=== Raw data ===
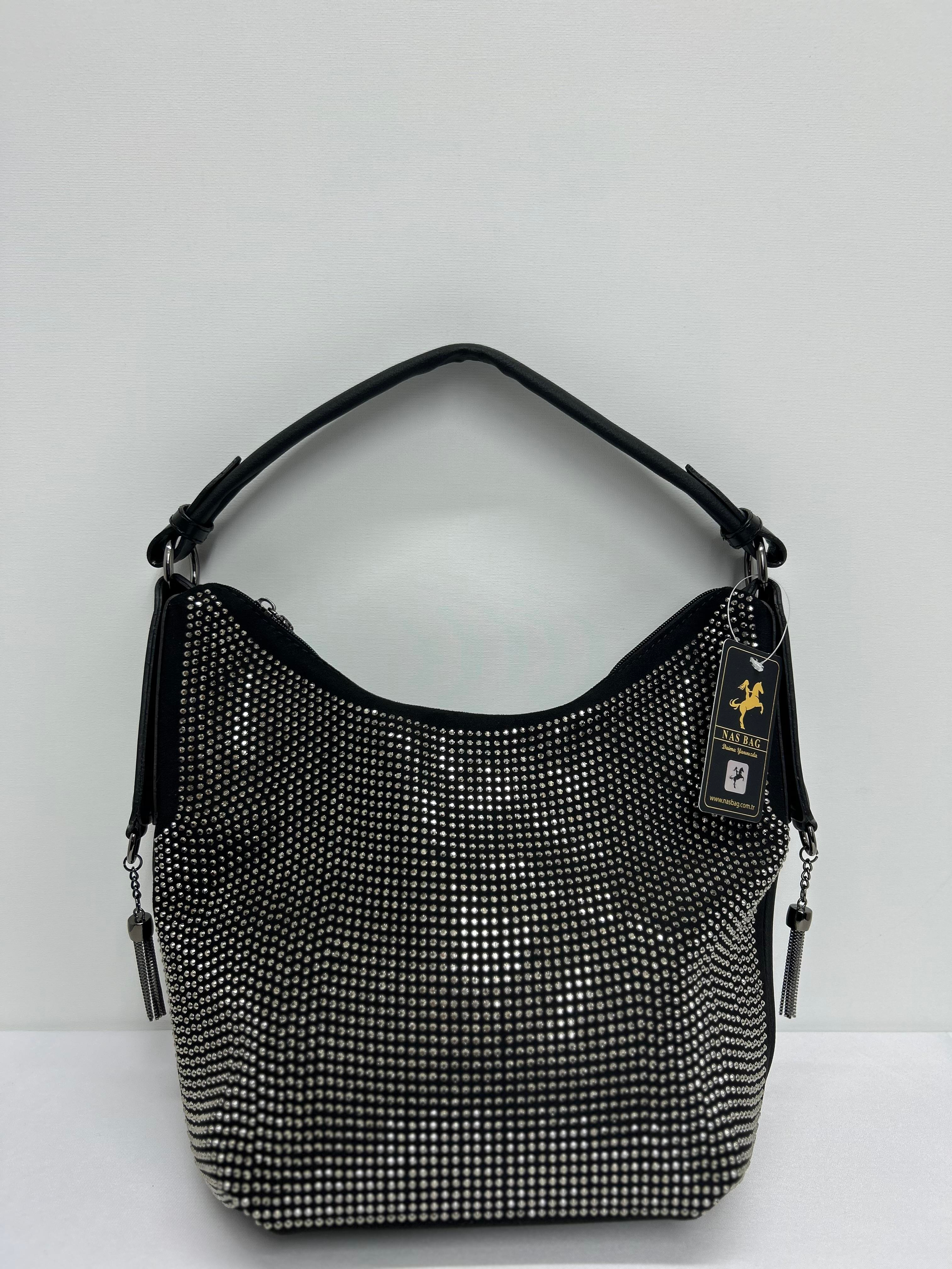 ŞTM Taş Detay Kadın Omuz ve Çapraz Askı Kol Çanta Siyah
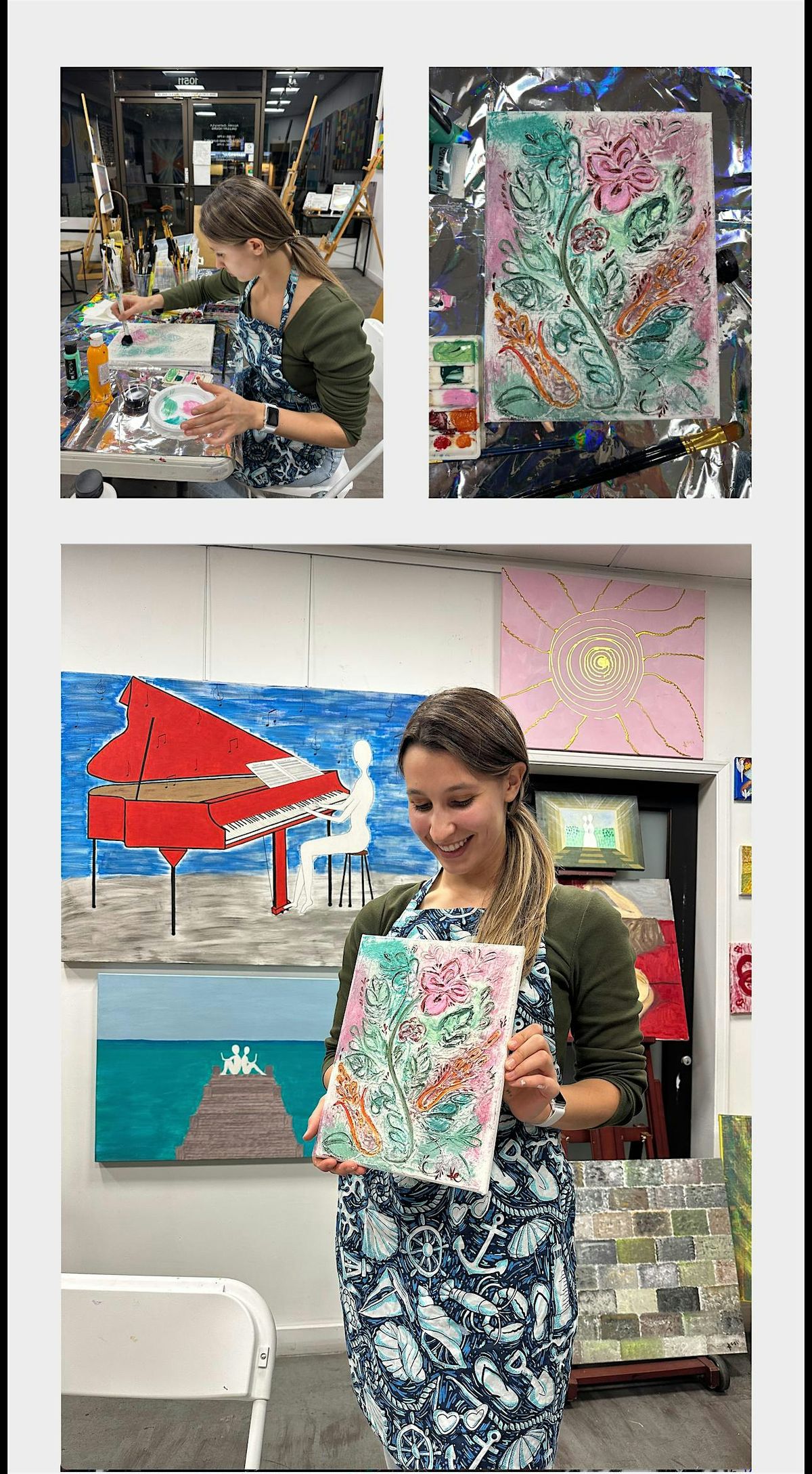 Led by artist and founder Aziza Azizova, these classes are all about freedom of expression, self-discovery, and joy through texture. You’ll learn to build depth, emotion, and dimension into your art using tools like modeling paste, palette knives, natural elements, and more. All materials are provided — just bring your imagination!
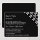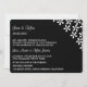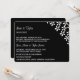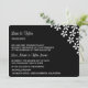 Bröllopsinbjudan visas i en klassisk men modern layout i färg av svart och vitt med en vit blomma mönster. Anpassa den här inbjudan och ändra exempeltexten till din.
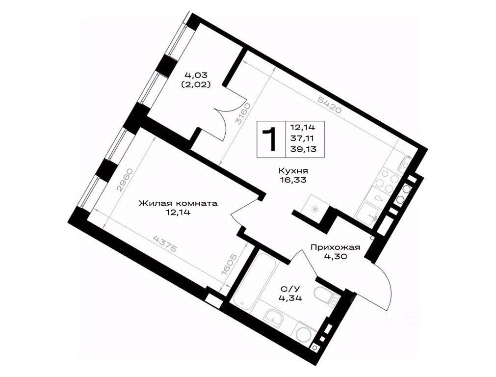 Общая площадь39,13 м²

=== The task ===
Please write out, word for word, each line from the one with "Led by artist" to the last line of the data, keeping both ends and omitting pictures.

=== Answer below ===
 Led by artist and founder Aziza Azizova, these classes are all about freedom of expression, self-discovery, and joy through texture. You’ll learn to build depth, emotion, and dimension into your art using tools like modeling paste, palette knives, natural elements, and more. All materials are provided — just bring your imagination!
 Bröllopsinbjudan visas i en klassisk men modern layout i färg av svart och vitt med en vit blomma mönster. Anpassa den här inbjudan och ändra exempeltexten till din.
 Общая площадь39,13 м²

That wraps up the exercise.